The device, according to the invention, for holding a part in position further has a supporting device on which the part rests before it is clamped between the two supporting elements. This supporting device has means for the pre-positioning of the part, said means being solidly joined to the base. As shown in FIGS. 2 and 3, this pre-positioning means consists of two cross-members 30 and 30' fixed to the base 20. At each end of the cross-members, there is fixed a supporting plate 31, 31'. The four supporting plates 31, 31' are parallel to the side members 23 and 23'. Furthermore, to receive the screen E accurately, the upper surface of the supporting plates has recesses adapted to the front surface of the screen. Furthermore, in accordance with the present invention, the device for holding the parts in position has four supporting points 32. These supporting points are each fixed to the end of a lever 33, the other end of which is mounted so that it pivots on the base 20. The four supporting points are positioned on the base in such a way that two supporting points are parallel to the side members 23 and two other supporting points are parallel to the side members 23'. Furthermore, each side member has two elements 34 forming a stop. The elements forming a stop are positioned on the side members in such a way that, in the clamped position, the lower surface of each lever 33 comes to a stop against one of the elements 34. Consequently, the height of the supporting points 32 will depend on the distance between the two side members. By accurately cutting the profile of the lower surface of the levers 33, it is thus possible to set the height of the supporting points so as to obtain the same working height regardless of the dimensions of the screen E used.

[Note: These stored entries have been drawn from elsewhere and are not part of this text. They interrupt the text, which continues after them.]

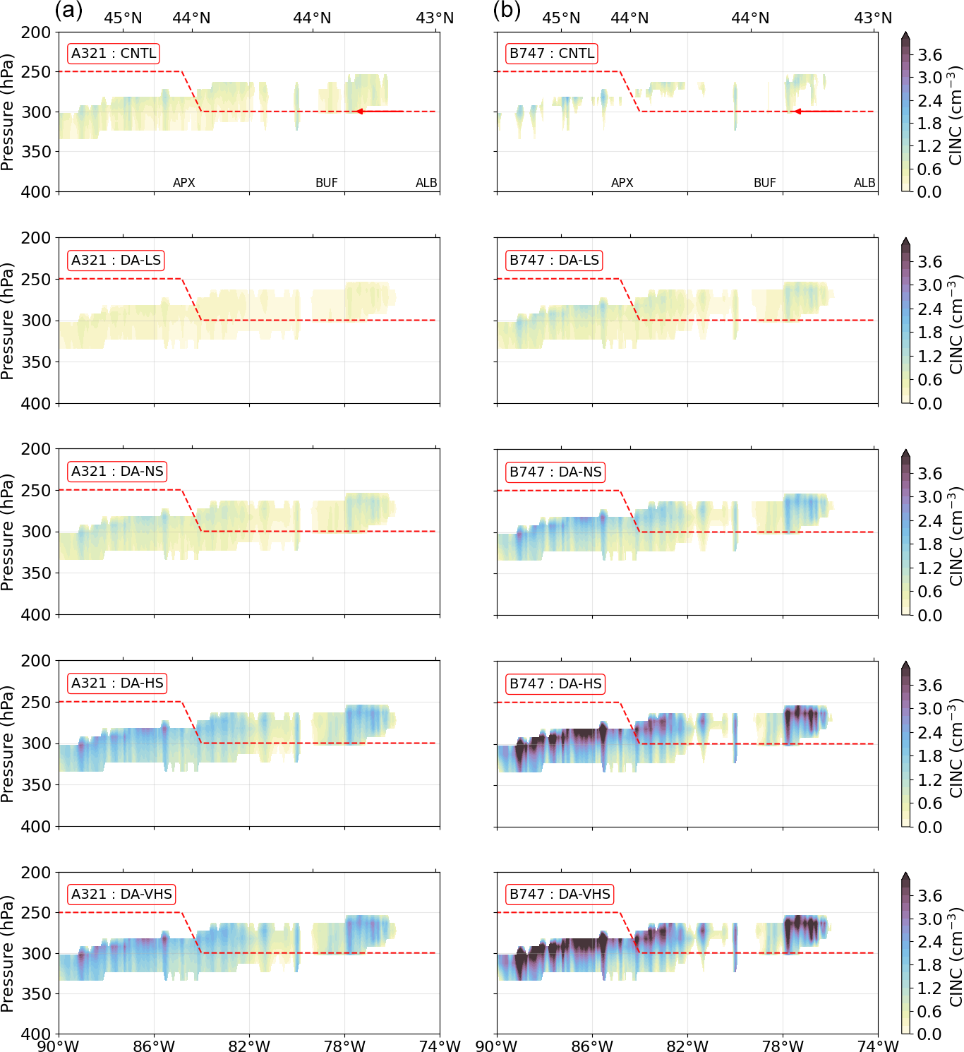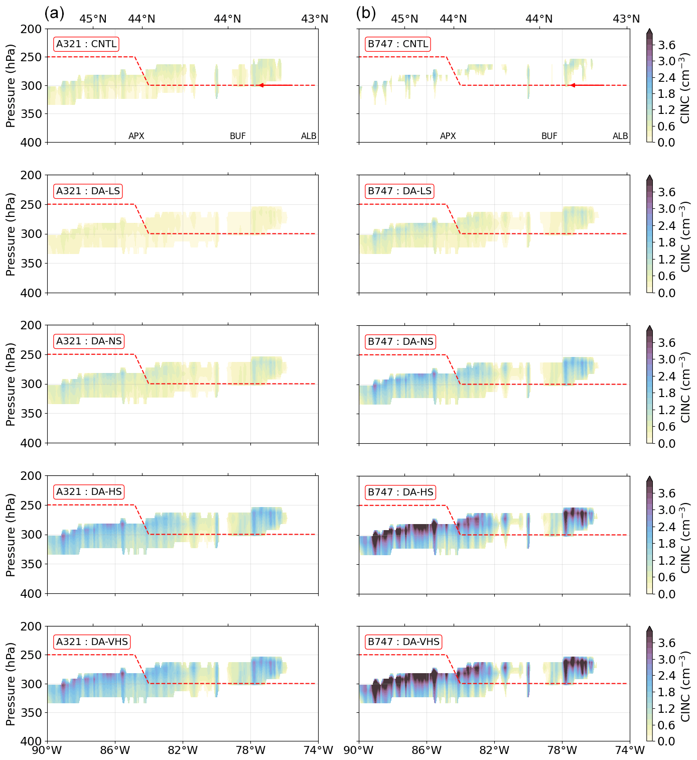 Figure 6Vertical cross-section along the flight corridor (Albany–Buffalo–Gaylord; ALB–BUF–APX) indicated by the red dashes and red arrow for (a) an A321 and (b) a B747. The first panel in (a) and (b) is the CNTL simulation. The emission index categories (from the second to bottom panel) shown for (a) and (b) is Low-Soot (LS), Normal-Soot (NS), High-Soot (HS) and Very-High-Soot (VHS) using the deposition adjusted (DA) configuration. The flight paths are overlaid on regions depicting the contrail ice number concentration (CINC) at 13:00 UTC.
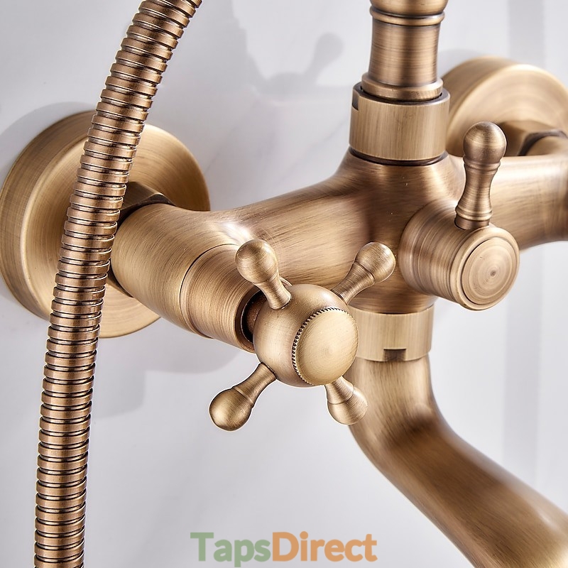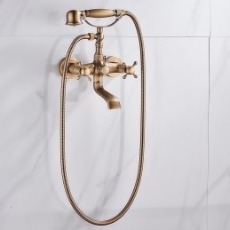 Wall Mounted Brass Rainfall Shower Mixer Tap Contain Hand Shower and Cold Hot Water Bathtub Tap
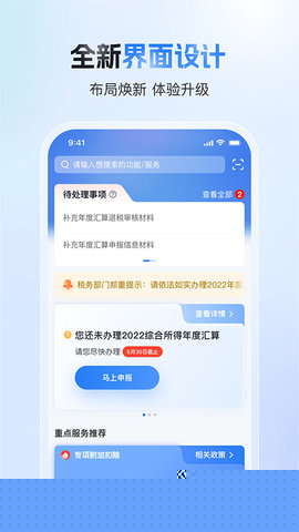 国家税务总局个人所得税是一款由国家税务总局官方权威推出的移动智能税务服务软件深度整合了政策法规实时查询、个人所得税综合所得年度汇算清缴、专项附加扣除信息在线填报、个人收入及纳税明细全面查询以及专业涉税业务咨询等核心功能模块,为全国广大纳税人构建一个安全、便捷、高效的一站式数字化办税平台,显著简化了传统税务办理的复杂流程,提升了办税效率与政策透明度,使纳税人能够随时随地通过智能手机轻松管理个人税务事务,切实享受税收改革带来的数字化便利,是国家推进放管服改革、优化税收营商环境的重要数字化成果。
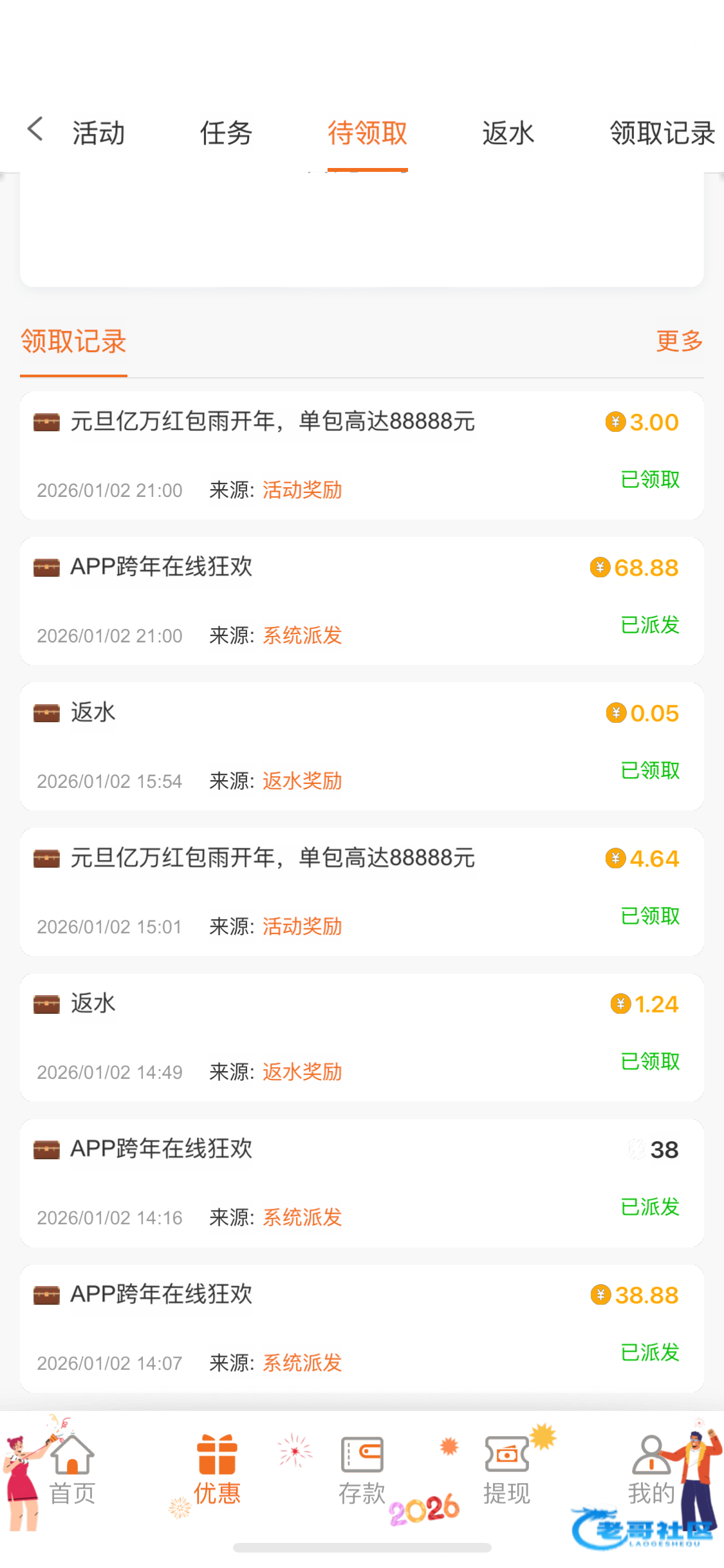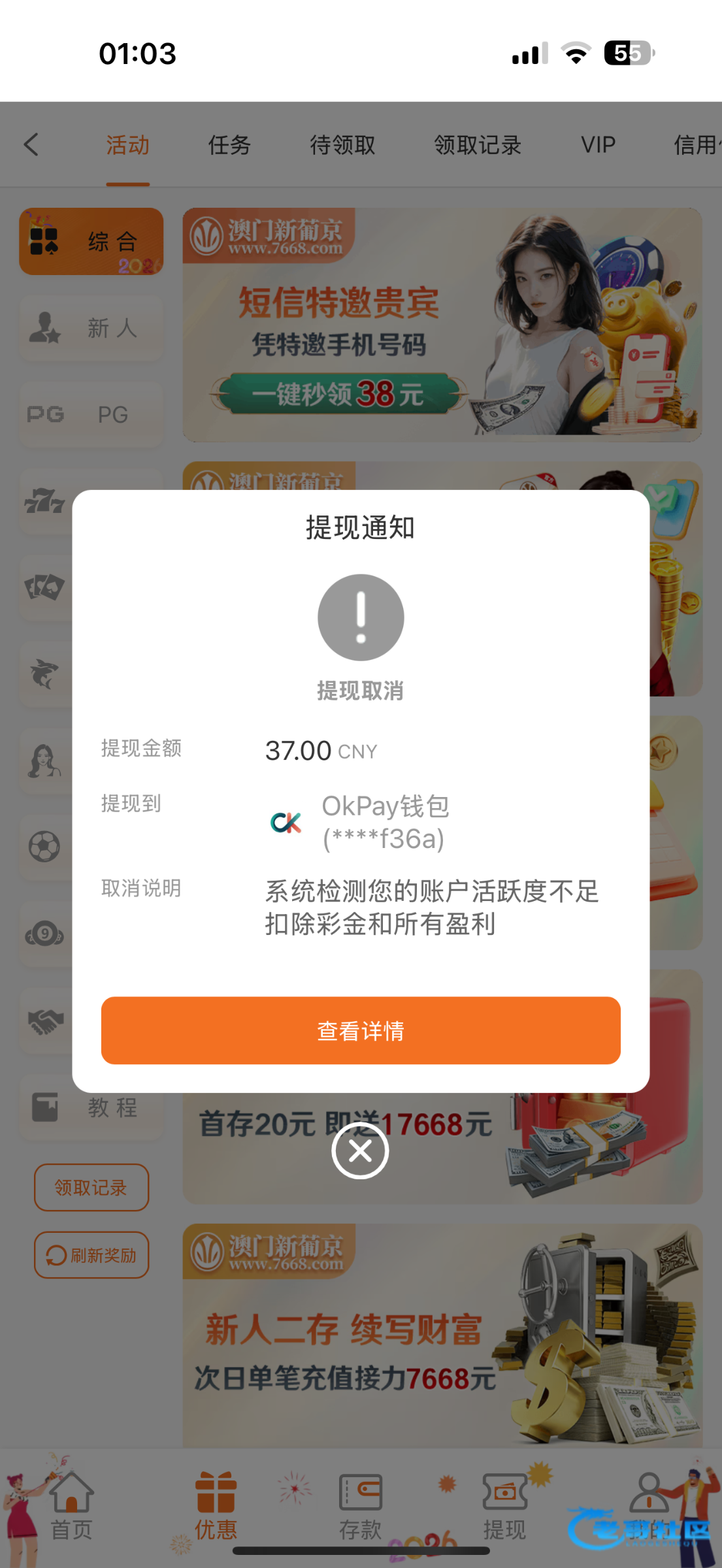 领过一次的老哥可以再上线看一下,我中午领了一次,然后提现充值领了翻倍,刚刚上线抢红包,又发现还有一个链接7668.com

The present invention has been described with reference to a screen for cathode tubes. It is clear to those skilled in the art that the device of the present invention can also be used to clamp any substantially parallelepiped-shaped parts.

Claims

1. A device for holding a substantially parallelpiped-shaped part in position, comprising:

a base;

a support device fixed to said base and on which said part rests, said supporting device including means for pre-positioning the part, solidly joined to the base, and at least three supporting points fixed to the base so as to be vertically movable and at least two supporting elements for clamping the part on two opposite sides, said two supporting elements being fixed by a deformable quadrilateral element so that there is a continuously variable distance between said two supporting elements.

2. A device according to claim 1, wherein the deformable, quadrilateral element is formed by two arms of the same length, hinged at their midpoint on the base, and by two side members, respectively hinged on the opposite ends of the two arms, a supporting element being fixed to one end of a side member while the other supporting element is fixed to the other end of the other side member.

3. A device according to any of the claim 1, further comprising a means exerting force on the two supporting elements in the position where they are at a minimum distance from each other.

4. A device according to claim 3, wherein the means exerting force on the two supporting elements in the position where they are at the minimum distance from each other consists of at least one spring fixed between the two supporting elements.

5. A device according to claim 3, wherein the means exerting force on the two supporting elements in their position where they are at a minimum distance from each other is constituted by two springs, each fixed between a supporting element and the end of the side member of the other supporting element.

6. A device according to claim 1, wherein each supporting point is provided at the end of a lever hinged on the base, the position of said lever being fixed by a stop which is solidly joined to one of the side members.